65642 rows × 12 columns

n = len(MovieLens_CEL)
userinfo_index = np.array([3,6,7,8,9,10,11])
MovieLens_CEL.columns[userinfo_index]
Index(['age', 'gender_M', 'occupation_academic/educator',
       'occupation_college/grad student', 'occupation_executive/managerial',
       'occupation_other', 'occupation_technician/engineer'],
      dtype='object')
# R-learner for HTE estimation
np.random.seed(1)
outcome = 'rating'
treatment = 'Drama'
controls = ['age', 'gender_M', 'occupation_academic/educator',
       'occupation_college/grad student', 'occupation_executive/managerial',
       'occupation_other', 'occupation_technician/engineer']
n_folds = 5
y_model = GradientBoostingRegressor(max_depth=2)
ps_model = LogisticRegression()
Rlearner_model = GradientBoostingRegressor(max_depth=2)

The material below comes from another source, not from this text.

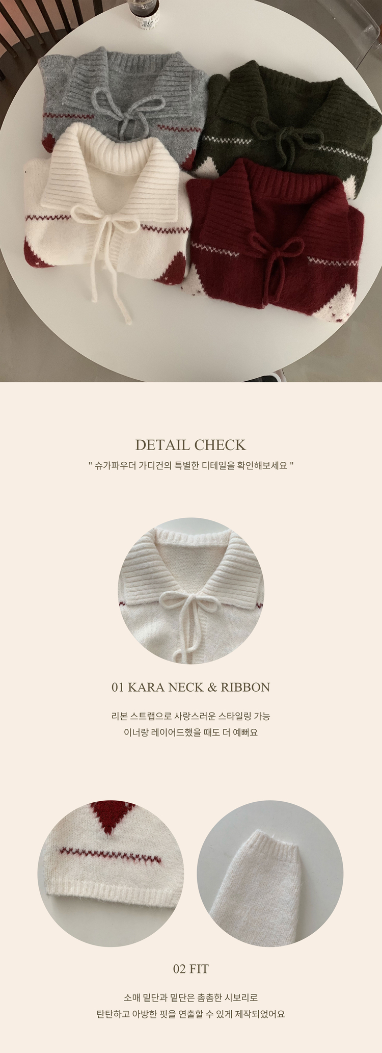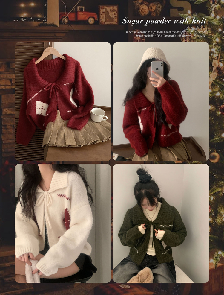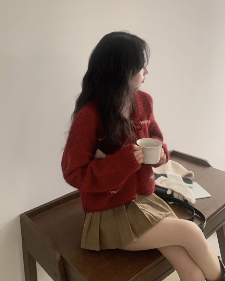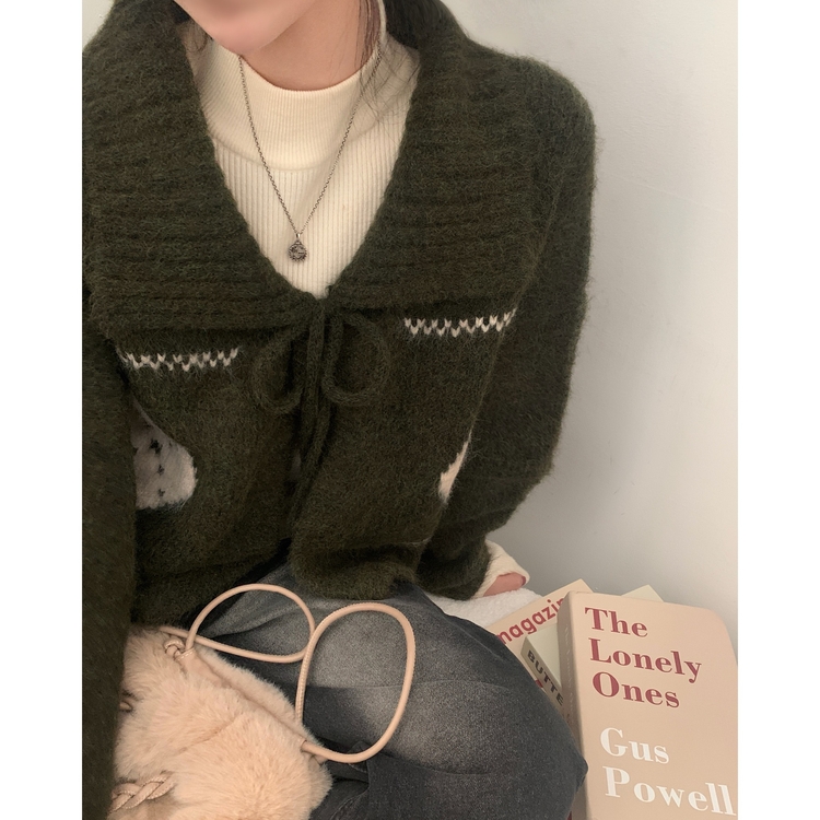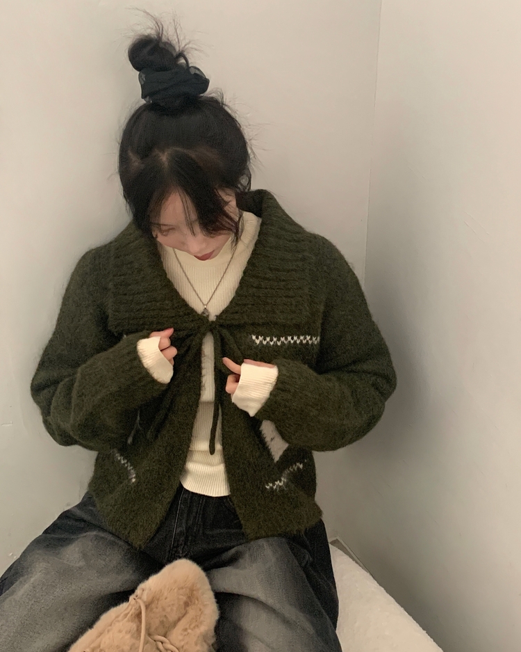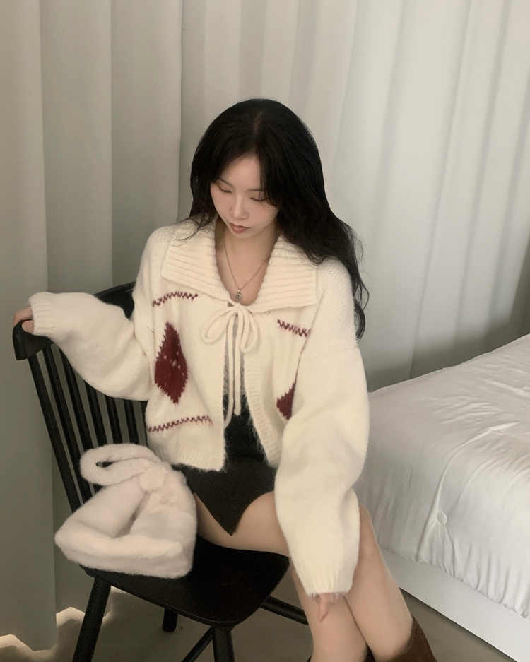 SGD29948 캐럴 노르딕 리본 루즈핏 볼레로 니트가디건

HTE_R_learner = Rlearner(MovieLens_CEL, outcome, treatment, controls, n_folds, y_model, ps_model, Rlearner_model)
HTE_R_learner = HTE_R_learner.to_numpy()
estimate with R-learner
fold 1,testing r2 y_learner: 0.019, ps_learner: 0.734
fold 2,testing r2 y_learner: 0.015, ps_learner: 0.739
fold 3,testing r2 y_learner: 0.017, ps_learner: 0.740
fold 4,testing r2 y_learner: 0.017, ps_learner: 0.736
fold 5,testing r2 y_learner: 0.018, ps_learner: 0.725
fold 1, training r2 R-learner: 0.028, testing r2 R-learner: 0.028
fold 2, training r2 R-learner: 0.031, testing r2 R-learner: 0.020
fold 3, training r2 R-learner: 0.029, testing r2 R-learner: 0.029
fold 4, training r2 R-learner: 0.030, testing r2 R-learner: 0.024
fold 5, training r2 R-learner: 0.030, testing r2 R-learner: 0.024

Let’s focus on the estimated HTEs for three randomly chosen users:

print("R-learner:  ",HTE_R_learner[np.array([0,1000,5000])])
R-learner:   [0.05127254 0.08881288 0.10304225]
ATE_R_learner = np.sum(HTE_R_learner)/n
print("Choosing Drama instead of Sci-Fi is expected to improve the rating of all users by",round(ATE_R_learner,4), "out of 5 points.")
Choosing Drama instead of Sci-Fi is expected to improve the rating of all users by 0.0755 out of 5 points.

Conclusion: Choosing Drama instead of Sci-Fi is expected to improve the rating of all users by 0.0755 out of 5 points.

References#

  1. Xinkun Nie and Stefan Wager. Quasi-oracle estimation of heterogeneous treatment effects. Biometrika, 108(2):299–319, 2021.

  2. Peter M Robinson. Root-n-consistent semiparametric regression. Econometrica: Journal of the Econometric Society, pages 931–954, 1988.